Note: Output: user_id spent 1 1400 The three user totals are 1400, 400 and 300; their average is about 700. Only user 1’s 1400 beats it. Written as nested subqueries this would be hard to follow — as named CTEs it reads like three plain sentences.
Recursive CTEs — walking a hierarchy
A recursive CTE is a special form that can refer to itself, letting it walk tree-shaped data — a category with sub-categories, an employee’s chain of managers, a folder of sub-folders. It is the one clean way to follow such links to any depth. Suppose a categories table where each row has a parent_id pointing to its parent category (top-level categories have NULL):
WITH RECURSIVE category_tree AS (
SELECT id, name, parent_id, 1 AS depth
FROM categories
WHERE parent_id IS NULL
UNION ALL
SELECT c.id, c.name, c.parent_id, t.depth + 1
FROM categories AS c
INNER JOIN category_tree AS t ON c.parent_id = t.id
)
SELECT id, name, depth FROM category_tree ORDER BY depth, id;A recursive CTE has two halves joined by UNION ALL. The first part (the *anchor*) selects the starting rows — here the top-level categories where parent_id IS NULL, marked depth 1. The second part (the *recursive* member) joins the categories table back to the CTE itself (category_tree), finding the children of rows already collected and adding 1 to their depth.
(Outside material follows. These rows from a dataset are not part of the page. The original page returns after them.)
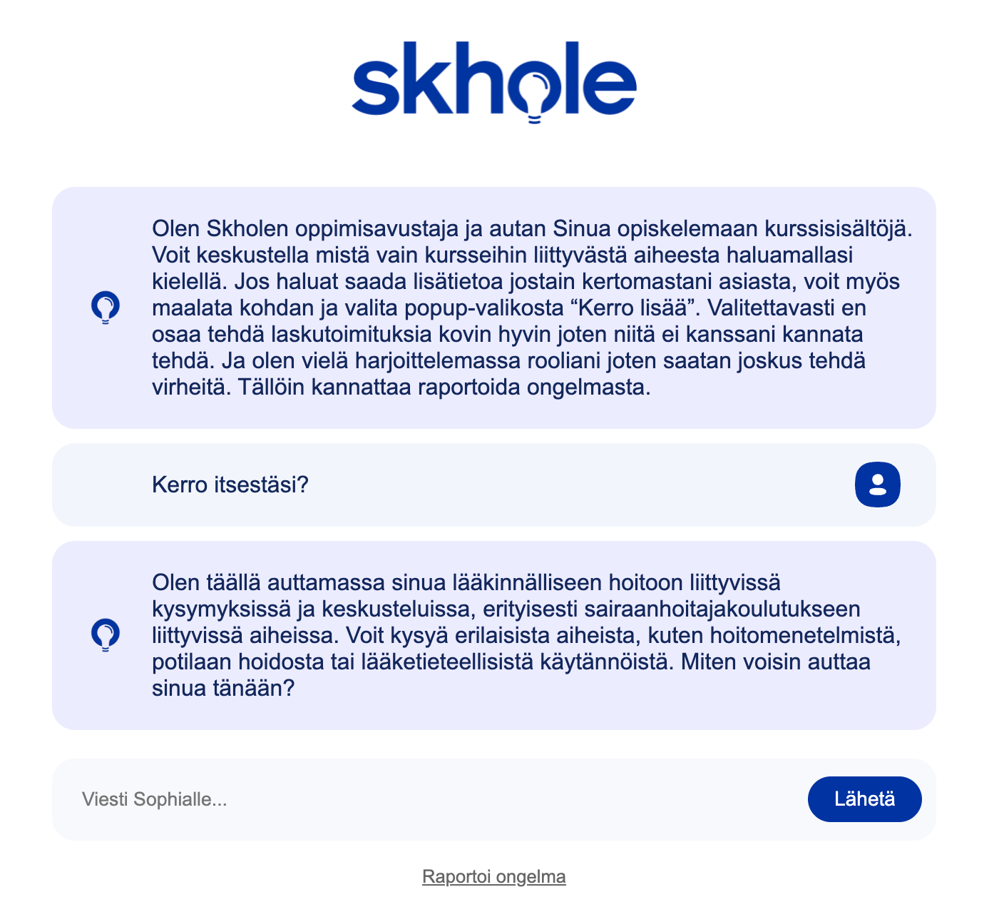 “Halusimme löytää käytännöllisen ja yksinkertaisen tavan tuoda tekoälyä Skholen palveluun. Sophia vastaa siihen tarpeeseen, että verkkokoulutuksessa usein puuttuu mahdollisuus kysyä ja keskustella.”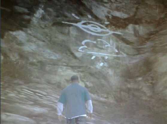 平 时这一堆像眼睛如果按照图上的位置经过中心投影是投不到下面仓库周围的,它会投到更远的地方,但是在两点中它的位置就发生了改变,它的位置由原先的集聚相 对的分散了,它原先像眼睛一样的东西之间的距离变大了,而且朝向了地面,在凌晨三点的时候它们之间开启了重力升降梯,而且基地飞碟的下发形状刚好是那样多 角的圆形,所以才能在三点的时候看到之前环绕仓库的蓝斑被重力升降梯连在了边上
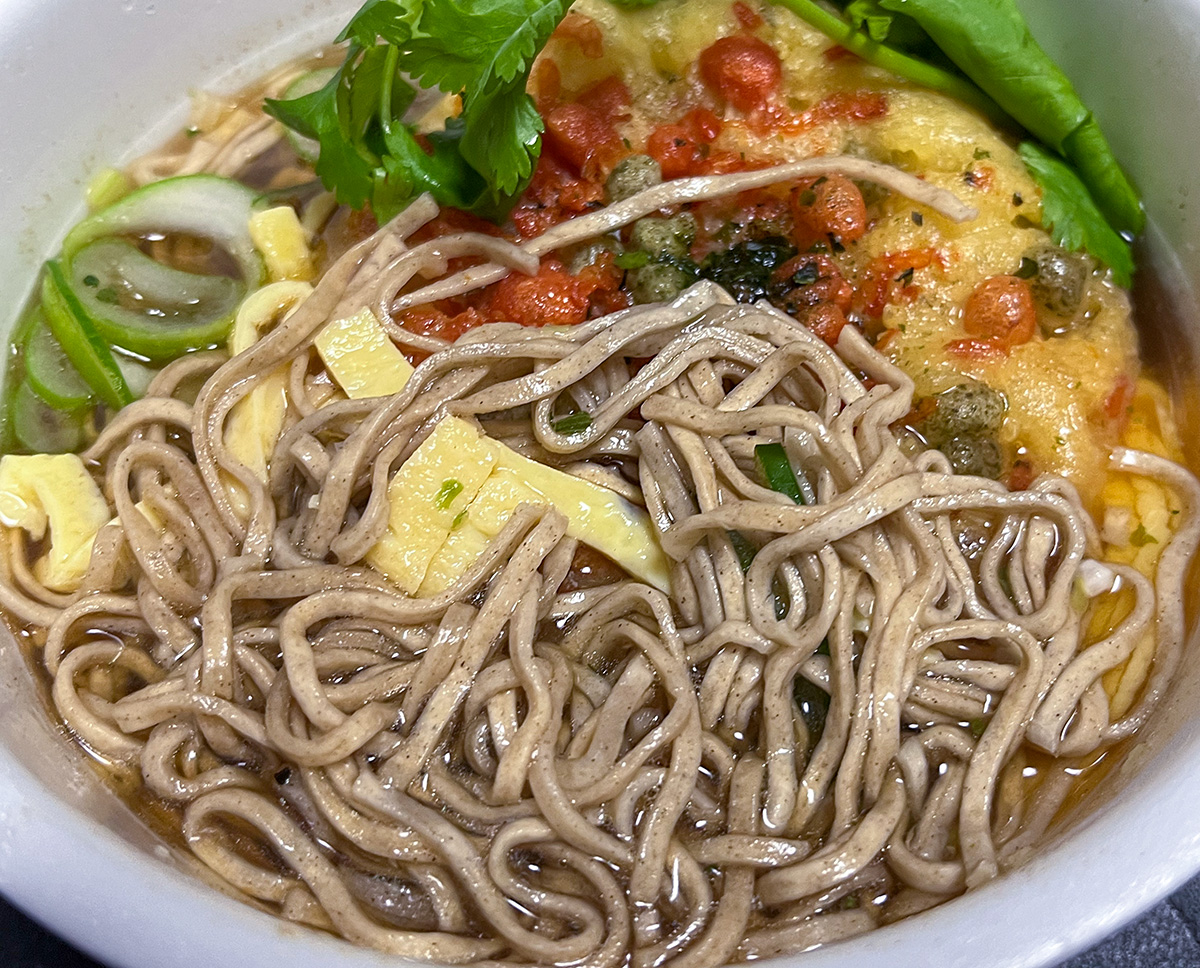 feb.28th sat. 2026 北のどん兵衛 天ぷらそば [北海道] 無性に食べたくなる味だ。 サックサクのあとのせ天ぷら。 鰹節と利尻昆布のWだし甘みのある醤油味。 麺は時々食べたくなるいつもの食感。 薄切りにした玉子焼きとパクチープラス。 懐かしくもあるうまさ。 蕎麦好きだけど、このカップ蕎麦も麺も好きだなぁ。 関連サイト:Facebook┃Twitter┃おきぐる┃Facebook┃Twitter┃おきぐる┃okinawaweb┃南風原タウン情報┃チーズ教室 ┃Okinawaweb Express┃mixi┃グシクムイ…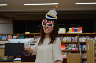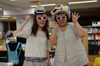 9月末〜10月にかけては、誕生日のラッシュがはじまるのです。このあと、じゃんじゃん参ります。弊社にはてんびん座のひとたちが山ほどいます。ちなみに、ゆかいな帽子をかぶった右側の女性は、不惑らしいですよ。とりあえずは、惑わず、おかしな帽子とメガネをかけたということでは、不惑なのかもしれまっせん。

MySQL repeats that second part — children, then grandchildren — until no new rows are found, then stops. WITH RECURSIVE is required to allow the self-reference.
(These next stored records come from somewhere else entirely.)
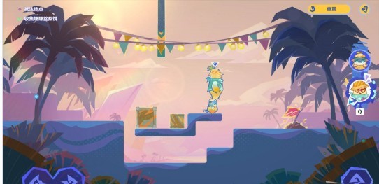 切换到大个子,跳到小矮子头上拾取娜娜丝梨饼。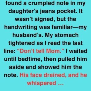 It started with laundry. A crumpled note in the pocket of my daughter’s jeans—unsigned, but unmistakably written in my husband’s handwriting. The last line stopped me cold: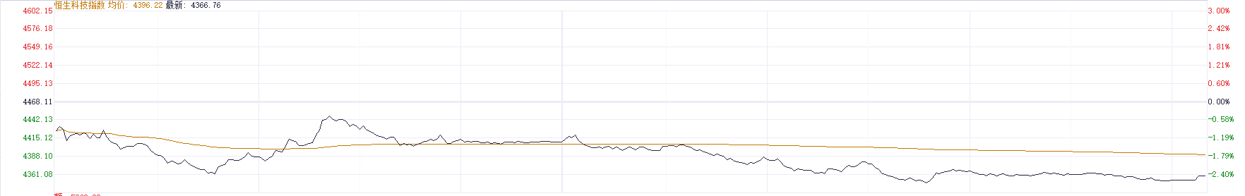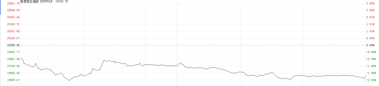 具体数据显示,恒生指数收盘下跌2.18%,报收19623.32点;科技指数收盘下跌2.47%,报收4357.53点;国企指数收盘下跌2.73%,报收7090.56点。从盘面来看,恒生指数开盘后小幅走低,并维持震荡下行的趋势,科技指数和国企指数也呈现相似的下跌走势。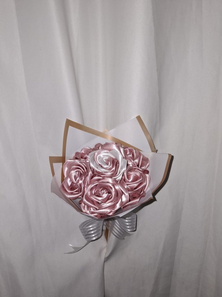 Beyaz buket kağıdına sarılmış pudra kurdele çiçek buketi. Sevdikleriniz için solmayacak bir buket. Sipariş alınır.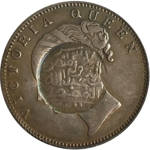 | Obverse description | Bust of Queen Victoria facing left, legend above. Countermark over the bust |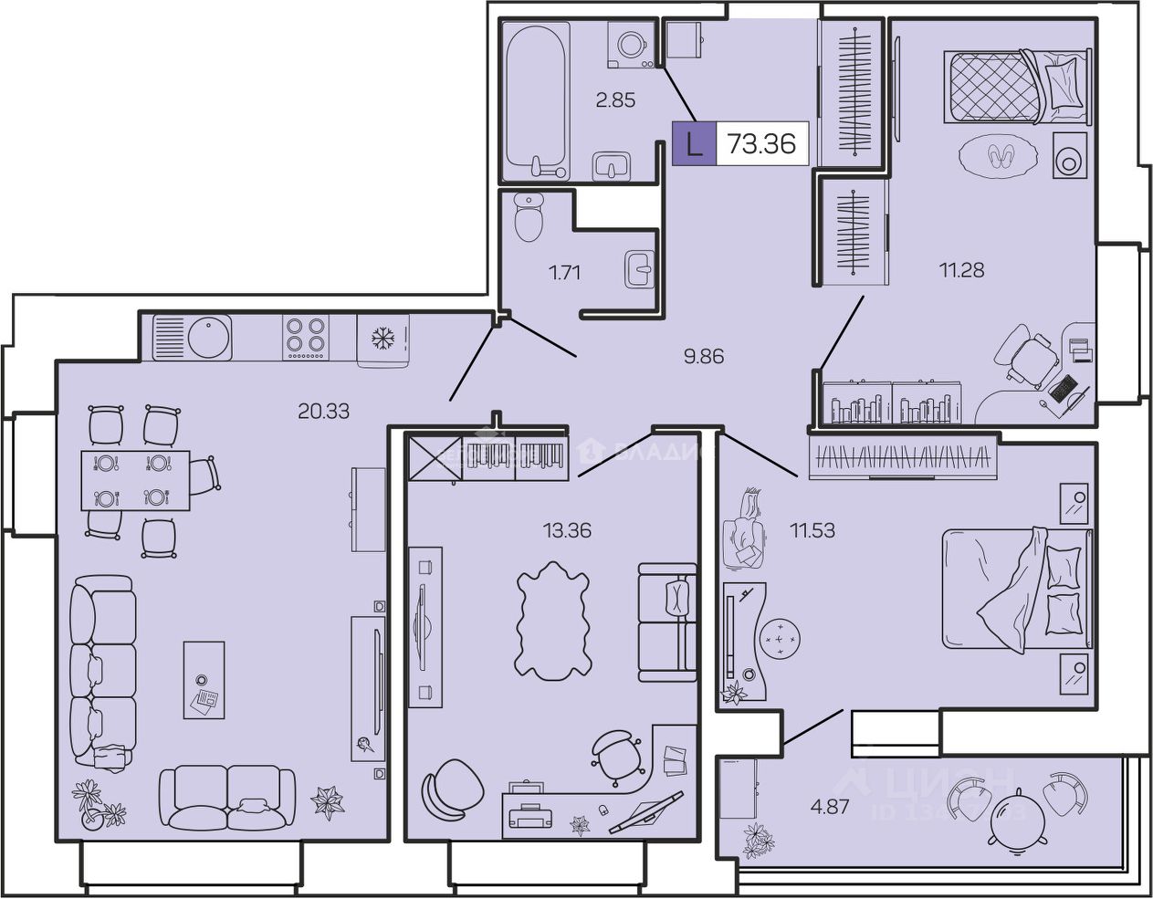 Квартира расположена на 13 этаже 16-этажного дома. Общая площадь квартиры составляет 73,36 кв.м, из которых 36,17 кв.м — жилая площадь, а 20,33 кв.м занимает просторная кухня-гостиная с двумя окнами с видом на ул.Тимме и во двор. Из одной из комнат имеется выход на просторную лоджию площадью 4,87 кв.м с панорамным остеклением. В квартире раздельный санузел. Высота потолков — 2,7 метра. В квартире выполнен ремонт white box, благодаря чему вы сможете оформить интерьер по своему вкусу.

Note: Output (sample): id name depth 1 Electronics 1 2 Clothing 1 3 Phones 2 4 Laptops 2 5 Smartphones 3 The query started at the top-level categories (depth 1), then found their children (Phones, Laptops at depth 2), then the children of those (Smartphones at depth 3) — following the tree down as far as it goes. This is how you list a whole category hierarchy or an org chart in one query.
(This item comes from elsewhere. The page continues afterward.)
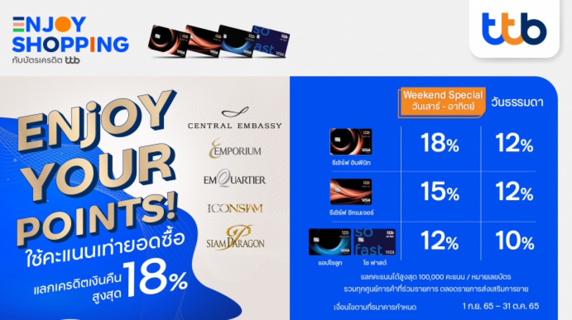 บัตรเครดิต ทีทีบี มอบสิทธิพิเศษเครดิตเงินคืนสูงสุด 18% เมื่อใช้คะแนนสะสมแลกเท่ายอดใช้จ่ายที่ 5 ศูนย์การค้าดัง
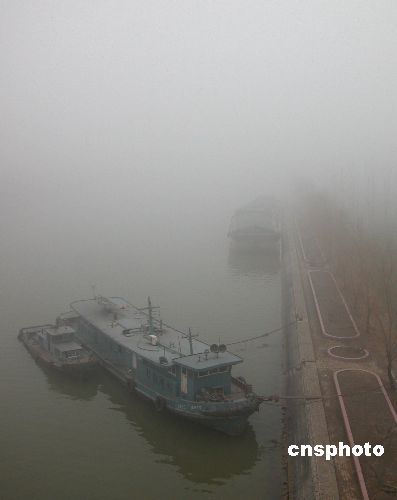 圖為濃霧彌漫下的大運河山東臺兒莊段。12月20日,大運河山東臺兒莊航段濃霧彌漫,能見度不足20米,到下午能見度不足百米,萬年船閘和臺兒莊船閘從今晨開始全線停止放船,濃霧給船隊通航和船民生活帶來不便。中新社發(fā) 高啟民 攝

Watch out: A recursive CTE that never stops finding new rows would loop forever, so MySQL applies a safety limit (cte_max_recursion_depth, default 1000). If you hit it, your data probably has a cycle (A is a child of B which is a child of A) — fix the data or add a depth condition.
Tip: Use a plain CTE to name and reuse a sub-result and make multi-step queries readable; reach for a RECURSIVE CTE only when you must walk hierarchical or tree-shaped data. A CTE and a derived table do the same job — prefer the CTE when the query has several stages, because the named, top-down form is far easier to read and maintain.
Q. What does a CTE (the WITH clause) give you compared with deeply nested subqueries?
✍️ Practice
- Rewrite a derived-table query from the subqueries lesson as a
WITHCTE and confirm it returns the same result. - Chain two CTEs: one that summarises, and one that uses the first’s result.
🏠 Homework
- Build a small
categoriestable with aparent_idcolumn and write a recursive CTE that lists every category with its depth in the tree.